The study involved about 50 adults in Los Angeles ages 55 and older who had trouble sleeping, including difficulty falling asleep or staying asleep, or who felt sleepy during the day. Participants were randomly assigned to complete either a mindfulness meditationprogram — in which people learn to better pay attention to what they are feeling physically and mentally from moment to moment — or a sleep education program that taught the participants how to develop better sleep habits.

The participants also completed a questionnaire to assess how well they were sleeping, and were given a score from 0 to 21, with higher scores indicating worse sleep.

After six weeks, the participants in the mindfulness group showed greater improvements in their sleep scores compared to those in the sleep education group. On average, the meditators improved their sleep score by 2.8 points, compared with 1.1 points for those in the sleep education group.

That level of improvement in sleep scores means that meditation works as well as other sleep treatments, including sleep drugs, the researchers said. [Mind Games: 7 Reasons You Should Meditate]

Compared with the people in the sleep education group, people in the meditation group also saw greater improvements in their symptoms of insomnia, fatigue and depression.

The findings suggest that “mindfulness meditation may be introduced to older adults as a short-term solution to remediate their moderate sleep disturbances,” the researchers, from the University of Southern California, wrote in the Feb. 16 issue of the journal JAMA Internal Medicine. However, more work is needed to assess how effective the mindfulness program is in improving sleep over the long term, they noted.
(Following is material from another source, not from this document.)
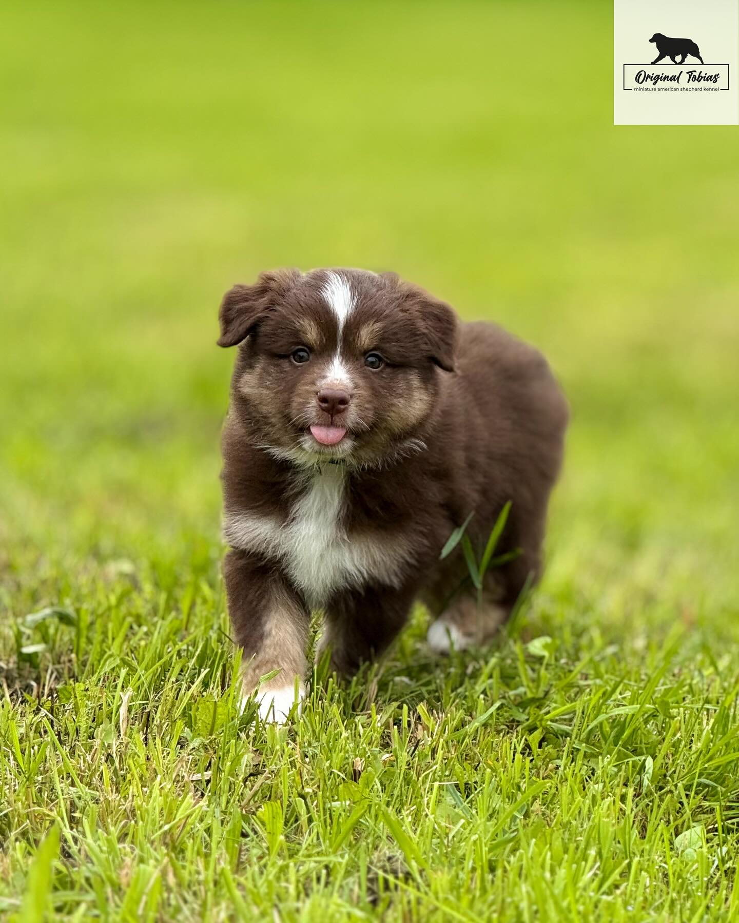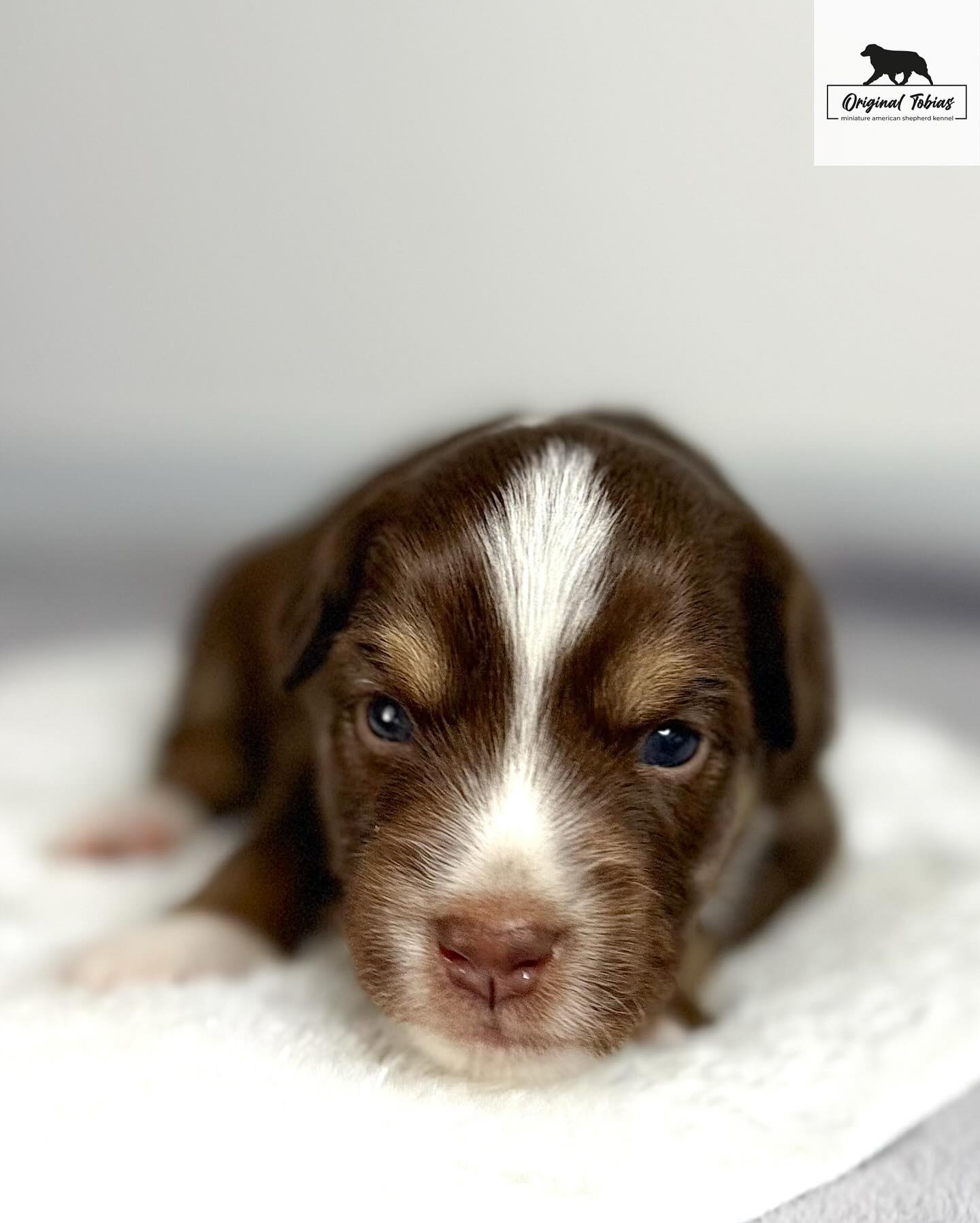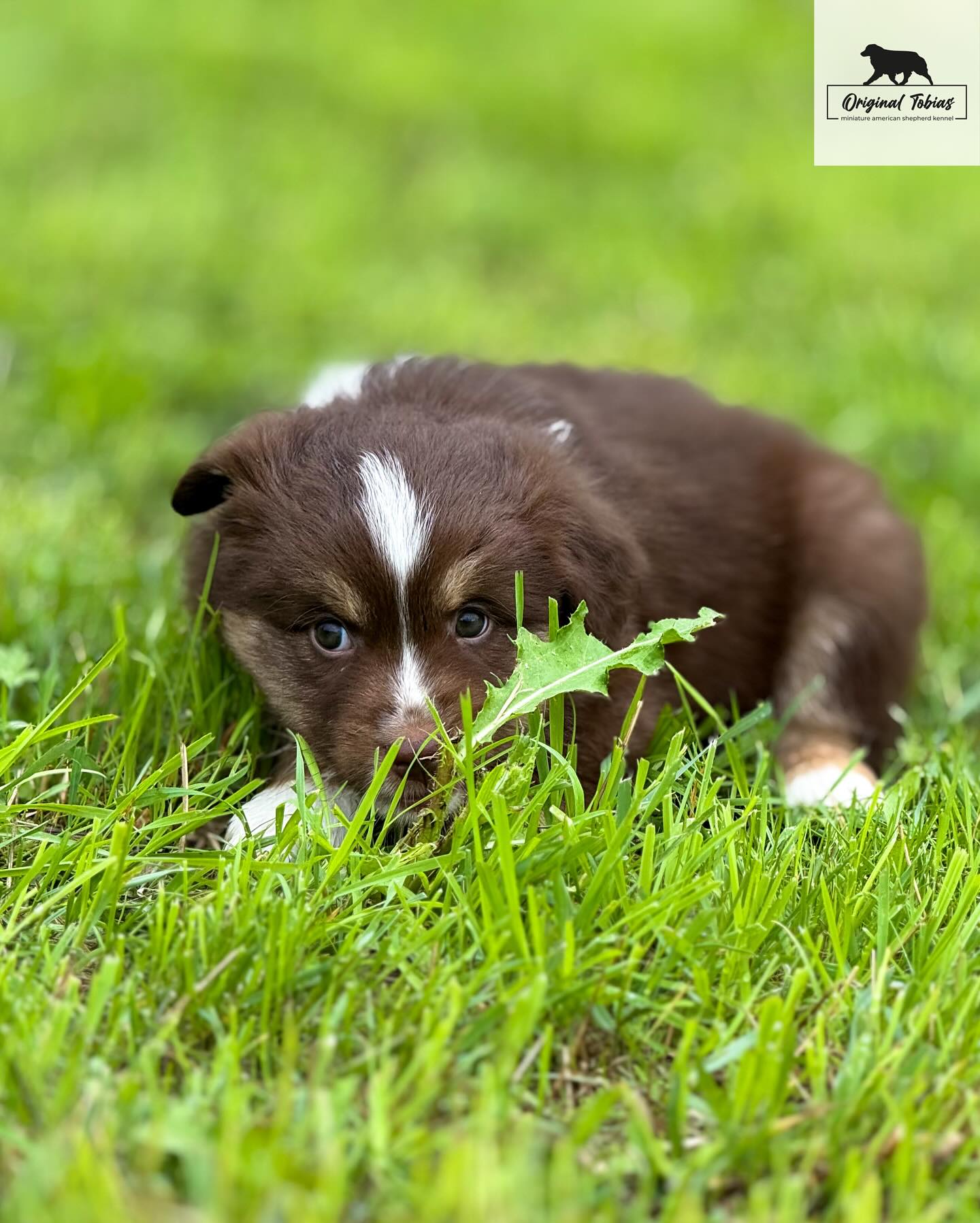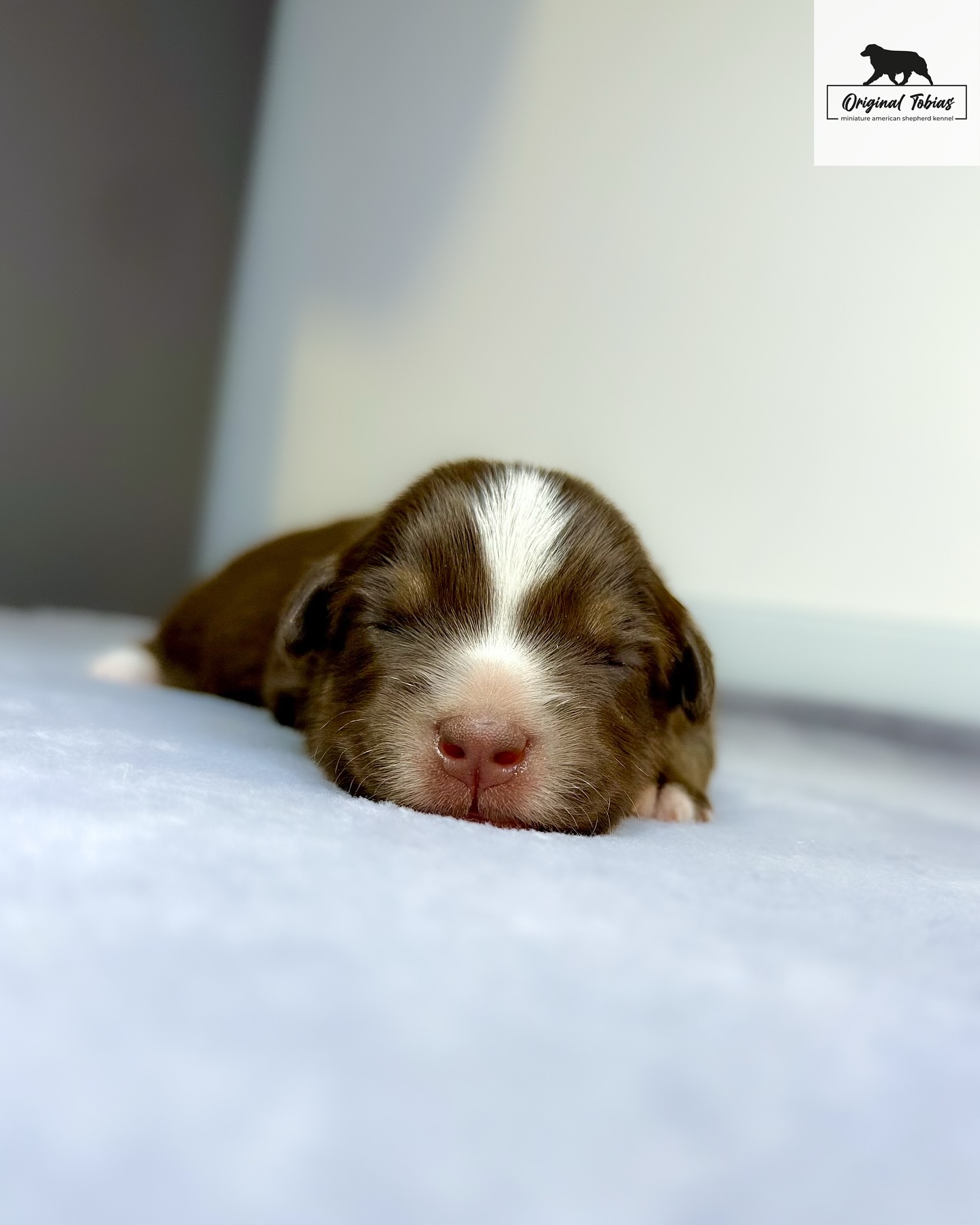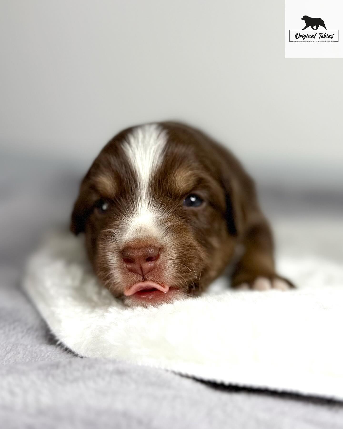 Confident Woody Original Tobias je red tri pes s velmi tmavou hnědou. Woodymu jsme přiřadili zelenou barvu. Woody se narodil jako první štěně těsně před půlnocí a vážil 270 g.

Previous studies had found that other forms of mind-body exercise, such as tai chi, have been linked with improved sleep in older adults. But tai chi requires movement, and the new study is one of the first to examine how a type of meditation that does not require movement affects sleep, the researchers said. Such a treatment might be particularly useful for older adults with mobility limitations, Adam Spira, a researcher at Johns Hopkins Bloomberg School of Public Health who was not involved in the research, wrote in an editorial accompanying the study.

What’s more, mindfulness programs are generally accessible within communities and are offered at a low cost, the researchers said. Although some types of psychotherapy have been shown to improve sleep in people with insomnia, such therapies are not as readily available to the general public because they require trained health care professionals to administer them, the researchers said.

Treatment with sleep drugs is also common, but these drugs can have side effects, including daytime sleepiness and a risk of developing drug dependency. In the study, there were no harmful events tied to participating in the meditation group or the sleep education program, the researchers said.

More studies are now needed to replicate the findings, and to see if mindfulness meditation is also useful for older adults who have an official diagnosis of insomnia, the researchers said.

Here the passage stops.